Enfin, nous dénonçons les mesures en demi-teinte prises pour garantir l’accès à l’IVG. Les conséquences de la pandémie dans ce domaine sont multiples : restriction des déplacements liée au confinement, confidentialité parfois impossible à assurer vis à vis de l’entourage, tension d’approvisionnement sur les produits anesthésiques,  majoration des situations de violences, manque d’information sur l’accès à l’IVG pendant la crise… Ces différents facteurs ont entraîné une recrudescence des demandes d’IVG hors délai en France. Ce phénomène était d’autant plus préoccupant que les fermetures des frontières européennes ont empêché ces personnes d’aller avorter à l’étranger et les ont laissées sans aucune solution (15;16).
Malgré la mobilisation de nombreux·ses professionnel·les de santé qui ont alerté sur la situation, le gouvernement a refusé d’allonger provisoirement les délais légaux d’accès à l’IVG à deux reprises en mars et en mai dernier (17). Les conditions d’accès à l’interuption médicale de grossesse pour raison psycho-sociale n’ont pas non plus été adaptées et des patientes, parfois mineures, se sont vues opposer des refus. 
L’allongement des IVG à domicile jusqu’à 9 semaines d’aménorrhée a permis de limiter le recours à l’hopital, pourtant cette mesure validée par l’OMS et ne présentant pas de danger particulier n’a pas été maintenue malgré la mobilisation des associations féministes et des professionnel·les expert·es dans le domaine. 
 
Le gouvernement essaye de tirer profit de notre stupeur, de notre chagrin et de notre anxiété pour renforcer sa politique libérale, qui a clairement contribué à l’ampleur de cette crise sanitaire. 
Des mois de mobilisations contre la fermeture massive de lits et de services hospitaliers ont vu leurs revendications échouer alors que plus de 300 milliards d’euros sont débloqués pour maintenir les entreprises. 
 
L’hôpital public et la sécurité sociale n’ont pas besoin d’être « sauvés » mais seulement d’être alimentés à hauteur de cotisations décentes.
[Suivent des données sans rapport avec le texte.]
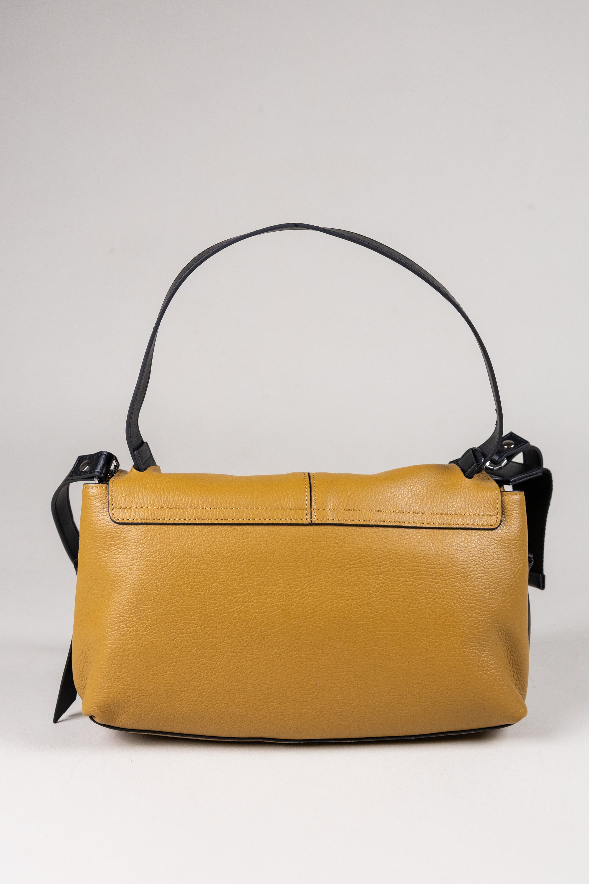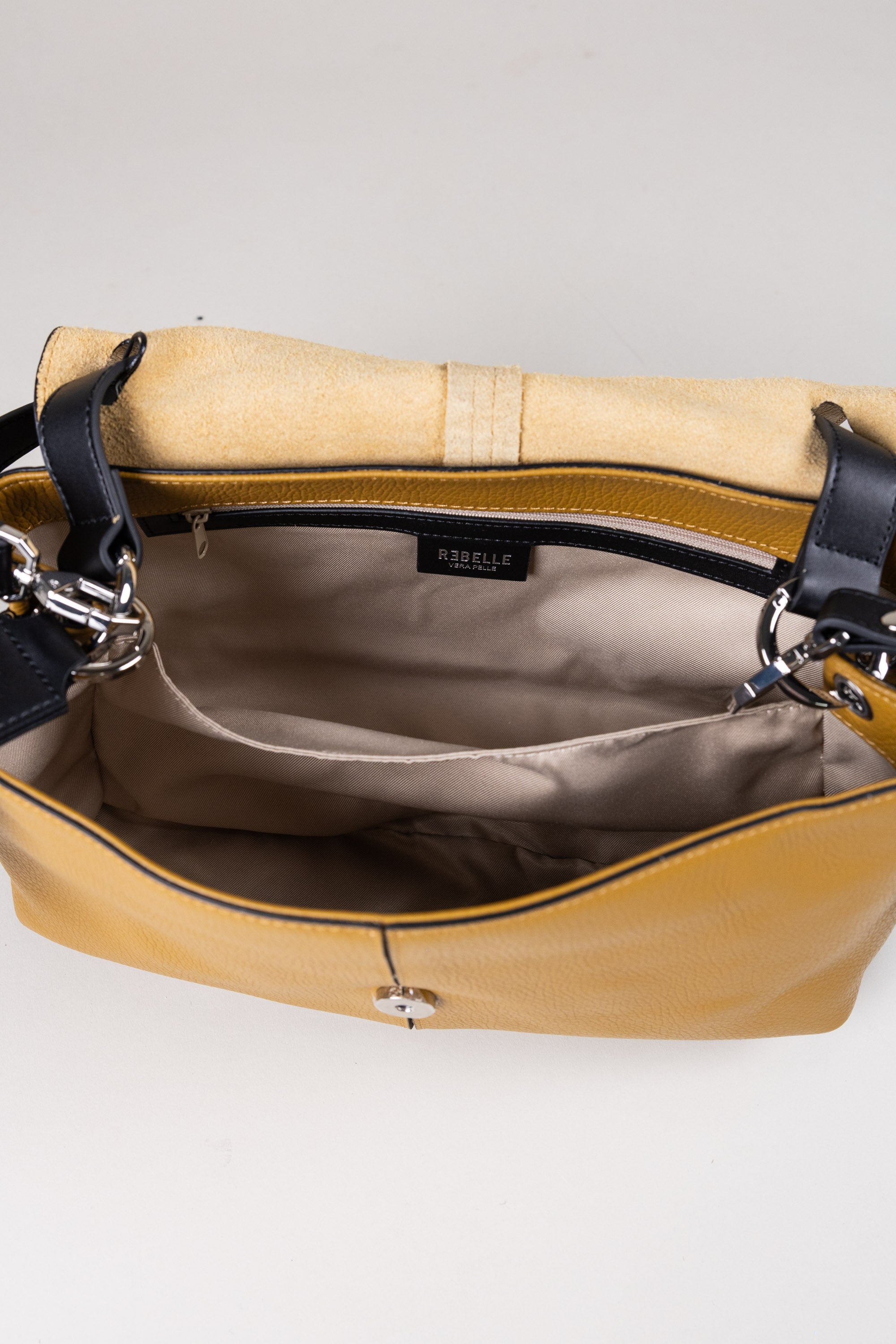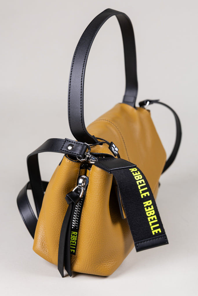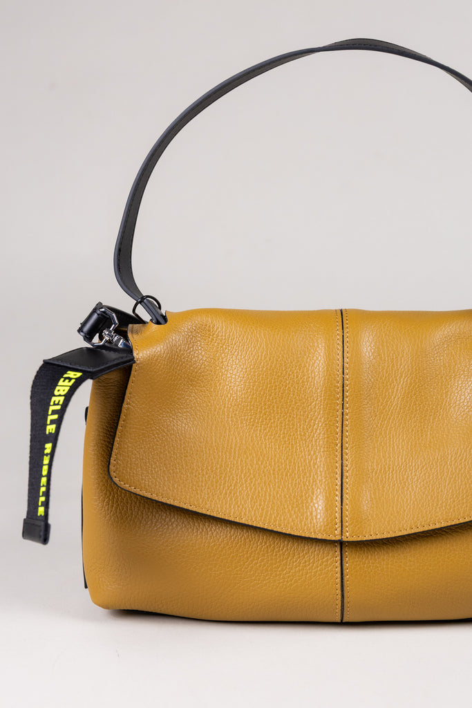 HYLA, the new must-have from the BASIC collection. This leather satchel bag flawlessly combines practicality and design. Comfortable, practical, and always on trend, HYLA offers you the best: dual carry: carry it elegantly over your shoulder or transform it into a comfortable crossbody bag thanks to the detachable, adjustable shoulder strap; maximum organization: the lined interior is divided into two large compartments and pockets, keeping everything organized; iconic detail: the look is completed by the detachable keychain charm with neon Rebelle logo, for a touch of unmistakable character. Choose HYLA for dynamic, everyday elegance.

Leur destruction est le fruit de choix politiques et non le résultat d’une « conjoncture économique ». Nous payons les conséquences de décennies de démantèlement du service public, de marchandisation des soins et de déshumanisation de certaines catégories de la population. 
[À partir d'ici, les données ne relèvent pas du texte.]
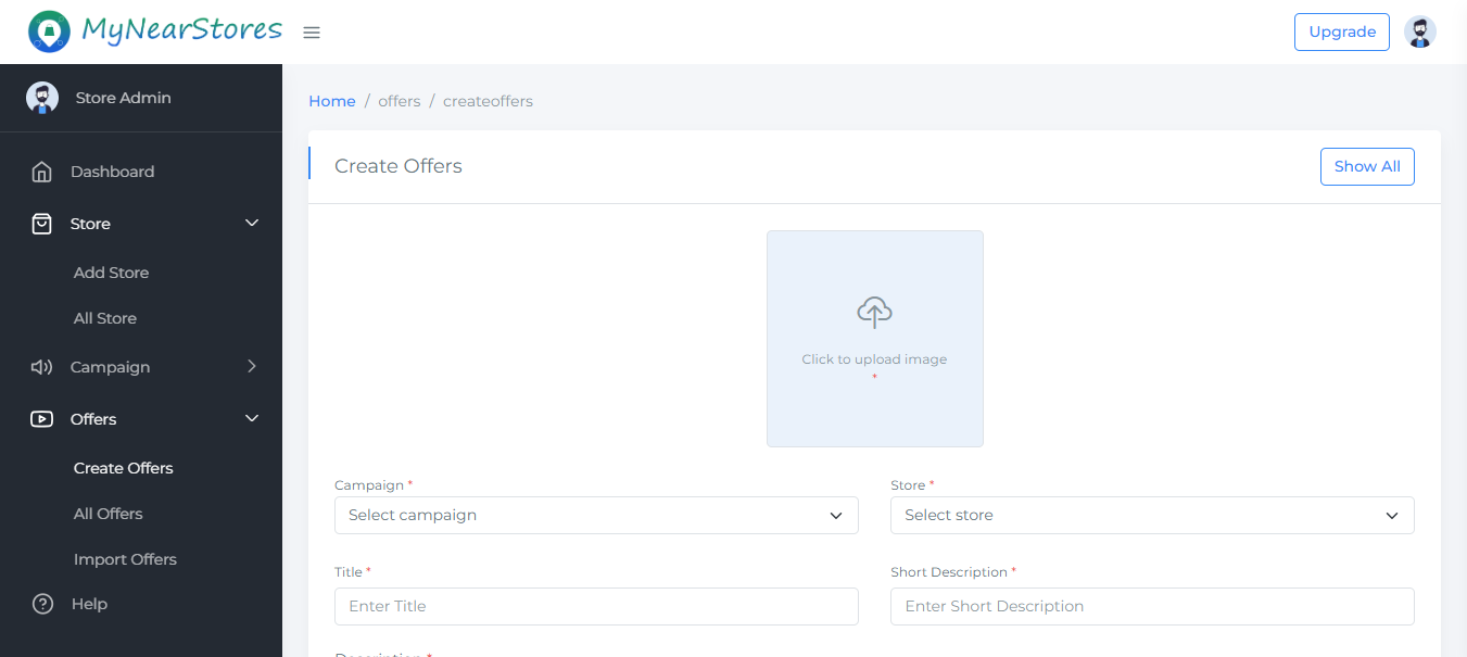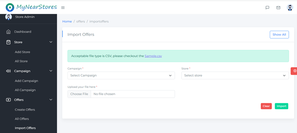 3. Offer Management – Click on the Offers option in the menu. It will have three sections: Create Offers, All Offers, and Import Offers.

Face à cette crise, nous réaffirmons la nécessité de lutter pour :
  • un plan réel de soins médicaux et psycho-sociaux, pendant et après la crise actuelle
  •  un réinvestissement public pour l’hôpital et la santé avec abandon de la tarification à l’acte
  • la considération des réalités des femmes et des minorités discriminées dans toutes les politiques sanitaires et sociales ;
  • la formation des soignant·es et la lutte effective contre les violences et discriminations médicales ;
  • l’accueil digne des personnes exilées et la régularisation de tous·tes ;
  • un véritable plan d’action avec des moyens financiers à la hauteur pour lutter contre les violences conjugales, intra-familiales et faites aux enfants en axant sur la mise à l’abri et la protection des victimes ;
  • des hébergements d’urgence et une politique de logement effective ;
  • la nationalisation de l’industrie pharmaceutique et de la recherche médicale ;
  • la gratuité totale des soins avec la suppression des régimes complémentaires ;
  • la facilitation de l’accès à la contraception (vente libre, gratuité) pour permettre une plus grande autonomie des femmes en cas de crise de cette ampleur ;
  • l’allongement définitif du délai d’accès à l’IVG, médicamenteuse et chirurgicale ;
  • une revalorisation des professions dites du « care » et du travail social.

En cette rentrée particulièrement difficile, restons vigilant·es, solidaires et révolté·es.